In un’epoca dove tempo e spazio, i due più grandi titani metafisici su cui si sono interrogate generazioni e generazioni di filosofi e scienziati, si sono rivelati dominabili e plasmabili interamente dalla techne, si avverte inesorabile la necessità di chiedersi cosa sia rimasto ancora di squisitamente ‘umano’. Il mondo è alla mercé di un’incredibile de-materializzazione, il corpo umano si sta lentamente vuotando di senso a vantaggio di una sua versione più pura e sublimata, incorruttibile ed incorreggibile: lo spirito artificiale dell’informazione.
Così, con queste parole che sanno di laconica amarezza e silenzioso cordoglio, il filosofo e psichiatra di Heidelberg inizia il suo nuovo volume, mandando in apnea il lettore che attende, pagina dopo pagina, di trovare qualche confortante ‘bolla d’aria’ dove non ci sia la promessa attuale (che suona più come una minaccia) di una rivoluzione digitale, tale da annientare in futuro qualsiasi gap tra l’umano e l’artificiale.
Nel primo capitolo, Fuchs analizza i termini chiave dell’era tecnologica: la digitalizzazione del mondo e la simulazione della soggettività. Il primo processo consiste fondamentalmente nella scomposizione del mondo in unità numeriche, algoritmi e segni regolati da principi matematici che si traducono in informazione, considerata dai riduzionisti e computazionalisti l’elemento chiave della coscienza.
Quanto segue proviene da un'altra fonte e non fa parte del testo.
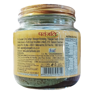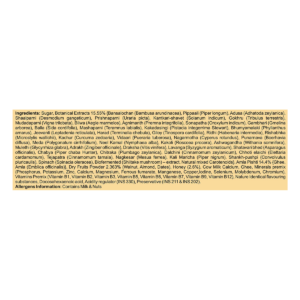 Sugar, Botanical Extracts 15.55% (Bansalochan (Bambusa arundinacea), Pippaali (Piper longum), Adusa (Adhatoda zeylanica),Shaalparni (Desmodium gangeticum), Prishnaparni (Uraria picta), Kantkari-shavet (Solanum indicum), Gokhru (Tribulus terrestris), Mudadaparni (Vigna trilobata), Bilwa (Aegle marmelos), Agnimanth (Premna integrifolia), Sonapatha (Oroxylum indicum), Gambhari (Gmelina arborea), Balla (Sida cordifolia), Mashaparni (Teramnus labialis), Kakadasingi (Pistacia integerrima Stewart), Bhumyamalaki (Phyllanthus amarus), Jeevanti (Leptadenia reticulata), Harad (Terminalia chebula), Giloy (Tinospora cardifolia), Ridhi (Habenaria intermedia), Rishabhka Microstylis wallichii), Kachur (Curcuma zedoaria), Vidaari (Pueraria tuberosa), Nagarmotha (Cyperus rotundus), Punarnava (Boerhavia diffusa), Meda (Polygonatum cirrhifolium), Neel Kamal (Nymphaea alba), Kakoli (Roscoea procera), Ashwagandha (Withania somnifera), Mulethi (Glycyrrhiza glabra), Adrakh (Zingiber officinale), Draksha (Vitis vinifera), Lavanga (Syzygium aromaticum), Shatavari bhed (Asparagus officinalis), Chabya (Piper chaba Hunter), Chitraka (Plumbago zeylanica), Dalchini (Cinnamomum zeylanicum), Chhoti elaichi (Elettaria cardamomum), Tejapatra (Cinnamomum tamala), Nagkesar (Mesua ferrea), Kali Maricha (Piper nigrum), Shankh-pushpi (Convolvulus pluricaulis), Spinach (Spinacia oleracea), Biofermented (Shiitake mushroom) – extract, Natural mixed Carotenoids), Amla Pishti 14.4% (Ghee, Amla (Emblica officinalis)), Dry Fruits Powder 2.363% (Walnut, Almond, Dates), Honey (2.6%), Cow Milk Calcium, Ghee, Minerals premix (Phosphorus, Potassium, Zinc, Calcium, Magnesium, Ferrous fumarate, Manganese, Copper, lodine, Selenium, Molybdenum, Chromium), Vitamins Premix (Vitamin B1, Vitamin B2, Vitamin B3, Vitamin B5, Vitamin B6, Vitamin B7, Vitamin B9, Vitamin B12), Nature Identical flavouring substances, Docosahexaenoic acid, Acidity regulator (INS 330), Preservative (INS 211 & INS 202).
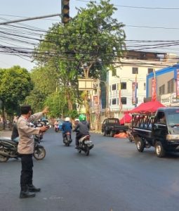 Meneriskan pesan Kapolres Metro Jakarta Pusat Kombes Pol Susatyo Purnomo Condro, S.H., S.I.K., M.Si., melalui Kapolsek Johar Baru Kompol Ubaidillah, S.H., M.A., untuk membantu kelancaran arus lalu lintas di wilayah Johar Baru.

Il secondo, invece, presuppone l’esatta ricostruzione della soggettività umana come un programma, e la coscienza, ancora una volta, viene raffigurata come un mondo interiore trascendentale segmentabile e riproducibile, trascurando il fatto che essa sia piuttosto l’attività propria di un essere vivente che sente, percepisce e si relaziona con un ambiente circostante. La coscienza non è un “feedback loop” (p. 40) situata nel cervello o in un robot, ma è pura esperienza (Erleben), una peculiare integrazione di sistemi vitali in un unico organismo. È per questo che il termine ‘vita artificiale’ è un paradossale misnomio: non può esserci vita artificiale, poiché la vita stessa non è un prodotto fabbricato o programmato, ma è auto-creazione, attuazione spontanea di se stessa. E finché demandiamo alla tecnologia l’estensione del nostro corpo (che sta subendo comunque un processo di depauperamento vitale, di cui discuteremo più avanti), forse riusciremo a conservare ancora un lembo della nostra imperfetta umanità. Il pericolo più grande risiede nel volere assegnare, sempre di più, decisioni e responsabilità ai sistemi artificiali, decretando così la fine dell’eidos “uomo” e facendo sempre più spazio alle allettanti prospettive della perfezione e dell’eternità.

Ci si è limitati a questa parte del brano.